Six credit score myths - busted

/ Credit File

Is a credit score the same as a credit file? Does your credit score determine if you get approved for a loan? We bust the top six credit score myths!

Myth 1: My credit score is the same thing as a credit history or file

Your credit score is a number that reflects the activity on your credit file. It’s a quick measure of how credit worthy you are, but the activity on your credit file or history is what determines this score. Your credit file includes more comprehensive information (24 months’ worth) such as applications for credit, credit accounts, recent repayments, and any defaults. Your credit file is usually created the first time you apply for credit or default on a payment, or where public record information is created about you. You can get a free copy of your credit file with Equifax.

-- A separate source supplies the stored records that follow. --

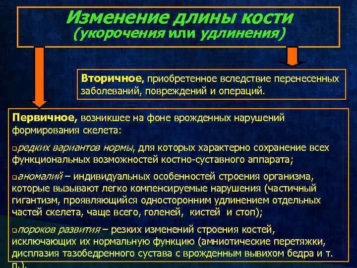 Изменение длины кости (укорочения или удлинения) Вторичное, приобретенное вследствие перенесенных заболеваний, повреждений и операций. Первичное, возникшее на фоне врожденных нарушений формирования скелета: редких вариантов нормы, для которых характерно сохранение всех q функциональных возможностей костно-суставного аппарата; аномалий – индивидуальных особенностей строения организма, q которые вызывают легко компенсируемые нарушения (частичный гигантизм, проявляющийся односторонним удлинением отдельных частей скелета, чаще всего, голеней, кистей и стоп); пороков развития – резких изменений строения костей, q исключающих их нормальную функцию (амниотические перетяжки, дисплазия тазобедренного сустава с врожденным вывихом бедра и т.
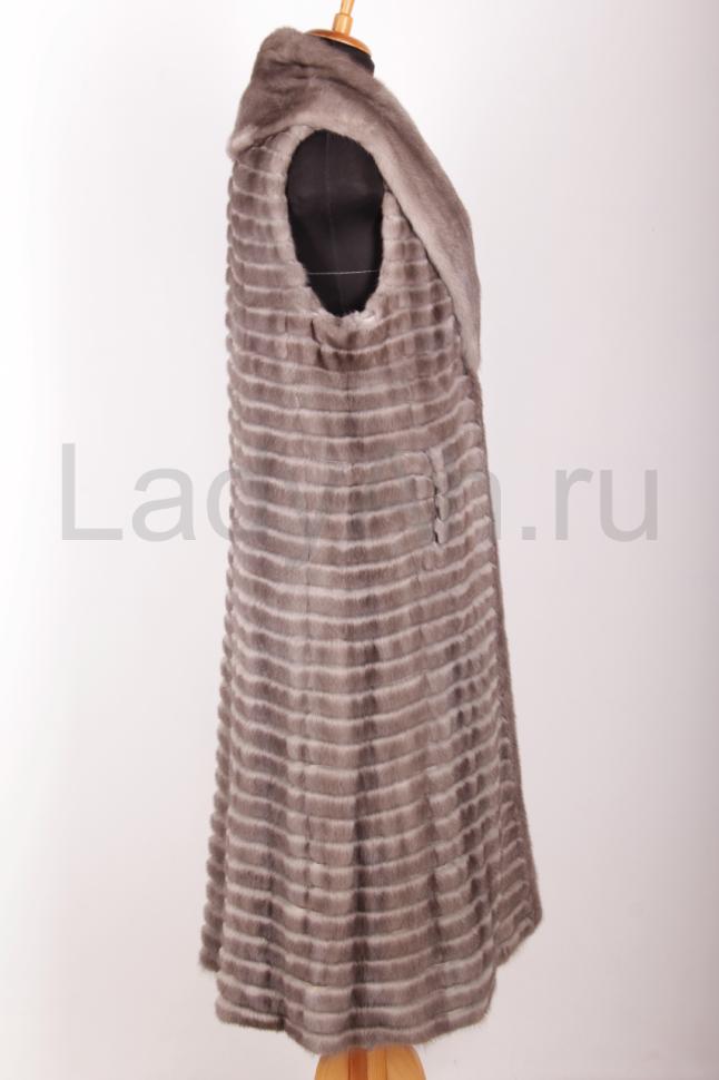 Новый длинный норковый жилет, Цвет графит — главный герой новой эстетики. Это цвет интеллекта, бетона и стали. Не просто серый, а сложный, глубокий и холодный оттенок, который работает как идеальный фон для любых текстур и цветов Вашего гардероба. Он делает жилет универсальным арт-объектом.
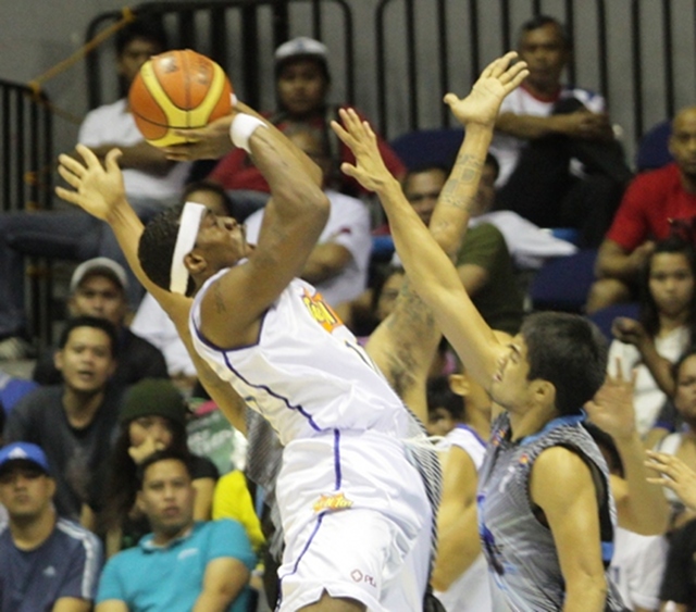 The Powerade defense made TNT import Paul Harris (left) work for his team-high 22 markers. Jeff Venancio
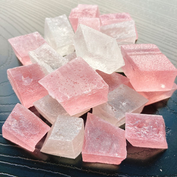 - 砂糖(国内製造)、桜の花抽出物シロップ、ピーチペースト、寒天/クチナシ色素、ベニコウジ色素、香料、酸味料(原材料の一部にモモを含む)

Myth 2: Credit scores only matter when I want to take out a home loan

Your credit score is a handy snapshot of your credit worthiness that enables anyone who’s extending credit to you to ensure that you’re able to meet your payments. Whether it’s financing a car or applying for an overdraft, lenders have an obligation to lend responsibly and they do that by using your credit file. Additionally, your credit file can be used by potential employers for certain roles (with your permission) to ensure you’re financially responsible.

Myth 3: Myth: My credit score focuses on negative things about me

Your credit score is a number that reflects positive and negative credit behaviour. New Zealand’s commitment to comprehensive credit reporting means that lenders can see your repayment history for each line of credit over a 24 month period. If you’re making repayments on time, lenders can see that positive behaviour and reward it accordingly. Likewise, if you have a default on your file, lenders may still extend credit if they can see that everything else is in order. They may, however, charge a higher interest rate.

Myth 4: Credit bureaus use data like my marital status, gender, and nationality to determine my credit score

Your credit score reflects your positive and negative credit behaviour along with your history of repaying any credit; it does not factor in marital status, gender, or ethnicity. Whilst salary and a combined income may be used by borrowers to assess your ability to make repayments, they are not part of a credit score.

Myth 5: My credit score determines whether I’m approved for a loan

Your credit score is a reflection of your financial health at any one point in time. Whilst it may be used by a lender as part of their decision making, they’ll also look at other information. For example, the amount of debt you can reasonably manage, given your income and your employment history. That means that some people with a low credit score may still qualify for credit and some with a high credit score may be declined.

Myth 6: It's way too difficult to dispute the information on my credit file

If you see information on your Equifax credit file that you believe is inaccurate or incomplete, you can contact Equifax who will investigate the correction request with the relevant lender. Alternatively, you can contact the lender or creditor directly to correct any error and remove it from your file. If it’s not resolved by a lender, you can file a dispute online with Equifax.

 

Why you should love your credit score

Getting to know and love your credit score means you’ll feel more in control of your money and better equipped to make smarter financial decisions. It also means you’ll be better prepared to deal with any unexpected bills that come.

And if you’re wondering why you should care – then consider this example: the difference in total interest repayments on a $20,000 car loan over a five-year period, at a seven percent interest rate and an 11 percent interest rate, is around $2,330. Securing the lower interest rate will to a large degree depend on your credit history.

 

Want to know a little more?

Equifax 5 tips for a better credit file

  1. Get a copy of your file.
  2. Have a budget and follow it.
  3. When you sign up for a loan, be aware that it is a contractual commitment.
  4. Make payments on time.
  5. If you get into trouble, contact your lender early.